The group will cough up £225 million to Deutsche Telekom and Orange in a bid to avoid legal action after its share price slumped in the wake of the scandal, which saw BT book a £530m write down earlier this year.
The payout relates to the sale of mobile giant EE by the pair to BT for £12.5 billion, which left Deutsche and Orange with stakes in the UK firm.
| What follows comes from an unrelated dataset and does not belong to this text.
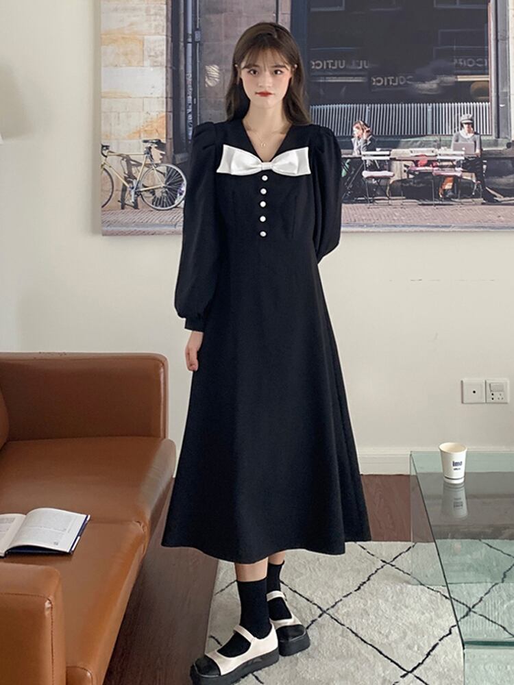 【韓国通販 dgo】french retro v-neck dress 2colors (B1337)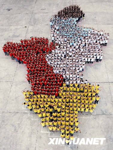 7月14日,寧夏日?qǐng)?bào)報(bào)業(yè)集團(tuán)的千余名新聞工作者在銀川市組成寧夏地圖,以慶祝寧夏回族自治區(qū)成立50周年和寧夏日?qǐng)?bào)創(chuàng)刊50周年,并寓意寧夏日?qǐng)?bào)的新聞工作者50年來(lái)采訪足跡踏遍寧夏山川。

The share slide following the Italian scandal left it exposed to legal action from shareholders.
BT’s pre-tax profit tumbled 42 per cent to £418m in the latest quarter, though adjusted Ebitda was only fractionally lower.
Hargreaves Lansdown analyst George Salmon noted: “The accounting scandal in Italy has led to another £225m of nasties turning up in first-quarter numbers, to add to the £530m the group originally set aside back in January.
“In addition to this, misdemeanours at Openreach mean a total of £340m is to be paid in fines and compensation, and another £300m is needed to cover the cost of restructuring a number of divisions, including Global Services.
“All the while the circa £16bn pension and debt pile looms over the group.
“However, it’s probably unfair to paint an entirely gloomy picture. BT has shaken off demands to fully separate the higher-margin Openreach division, and assuming there aren’t any more skeletons in the closet, the cash flows from EE and the growing Consumer division are potentially attractive.”